Sehr traurig, solche Gedanken beschäftigen mich zur Zeit auch sehr. Genau vor einer Woche war die Beerdigung meines guten, alten Freundes Florian. Ein unglaublich begnadeter Künstler, legendärer Science-Fiction- und Film-Nerd und geradezu unfassbar liebenswerter Mensch. Ich hatte ihn 1999 bei "Ice Planet" kennengelernt, wo wir beide als Concept Artists gearbeitet hatten. Danach haben sich unsere Wege getrennt, er blieb in München, während ich mich in der Weltgeschichte rumtrieb. Persönlich getroffen haben wir uns danach nur noch ein paar Mal, allerdings vollführten wir konsequent das jährliche Ritual eines den ganzen Abend währenden Skype-Videogesprächs unter Alkoholeinfluss. Ich hatte mir immer vorgenommen, ihn nach Erreichen meines sich bereits vage am Horizont abzeichnenden Ruhestandes endlich wieder häufiger zu treffen und eventuell gemeinsame Projekte in Angriff zu nehmen, doch Anfang des Jahres erreichte mich die Nachricht von seinem Krebsleiden. Immerhin konnte ich ihn noch zwei Mal besuchen und zusammen mit vielen alten Freunden und Kollegen in seiner zur einzigartigen Nerd-Höhle umgebauten Wohnung (in der ich zuletzt bei der Feier zu seinem 30.Geburtstag war) eine wirklich schöne Abschiedsparty feiern. Er wurde nur 47 Jahre alt.
Du wirst unvergessen bleiben, Flocki!

Baumi
Baumi
21. März, 2025 00:27

Mein Beileid. Und ein Detail am Rande, das Dich vielleicht interessieren könnte: David hat es dank Deines Deals offenbar sogar bis zur Erwähnung in einschlägigen Uni-Kursen gebracht.
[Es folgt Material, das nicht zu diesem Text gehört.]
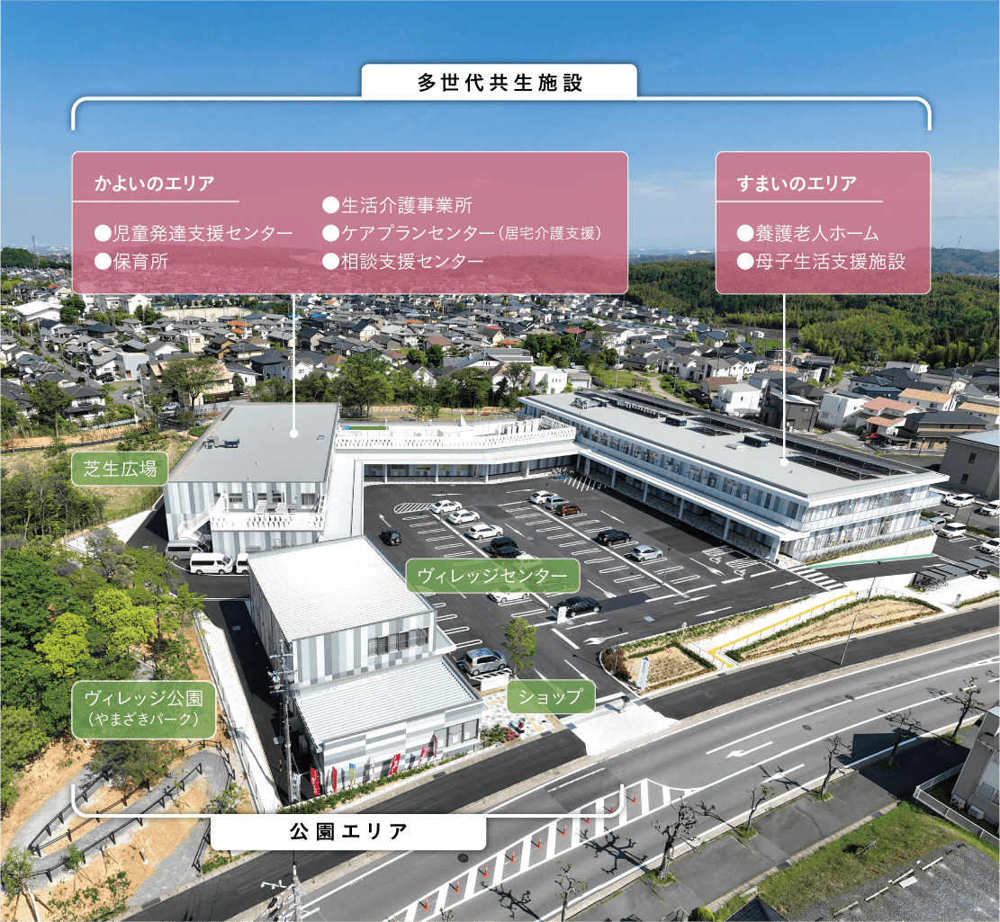 このように、いくつもの壁を3者が協力して乗り越え、桑名福祉ヴィレッジが完成。以前よりも機能を強化した児童発達支援センターと保育所、母子生活支援施設、養護老人ホームなどを統合し、令和4年4月にオープンした。
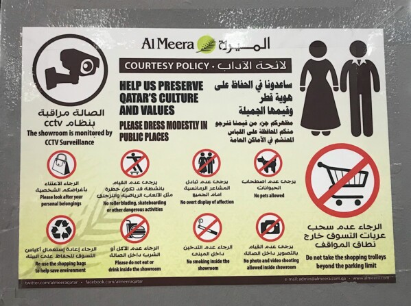 Если сравнивать с ближайшими соседями, то Катар намного либеральнее Саудовской Аравии, но строже ОАЭ. Во всех трёх странах ислам определяет законы и образ жизни, но трактуется с разной суровостью. Например, в Саудовской Аравии женщины обязаны носить абайю, а в ОАЭ допустима любая непрозрачная одежда, покрывающая колени и плечи. На деле в том же Дубае одеваются как угодно: хоть шорты, хоть мини.

Zumindest gehe ich stark davon aus, dass er gemeint gewesen sein dürfte, als uns unsere gut in der Branche vernetzte Fernsehwissenschafts-Dozentin Ende der 1990er erzählte, dass da in den USA „ein Frührentner sitzt, der von den deutschen Privatsendern dafür bezahlt wird, ihnen die neuesten Sendungen auf Video aufzunehmen und zuzuschicken.“

Frank B.
Frank B.
21. März, 2025 16:35

Hallo lieber Wortvogel, die Beschreibung deiner Freundschaft mit Dave war das Berührendste was ich seit langem gelesen habe.
Made me cry.
(Das wollte ich nur vermelden. Sonst habe ich nichts zu sagen).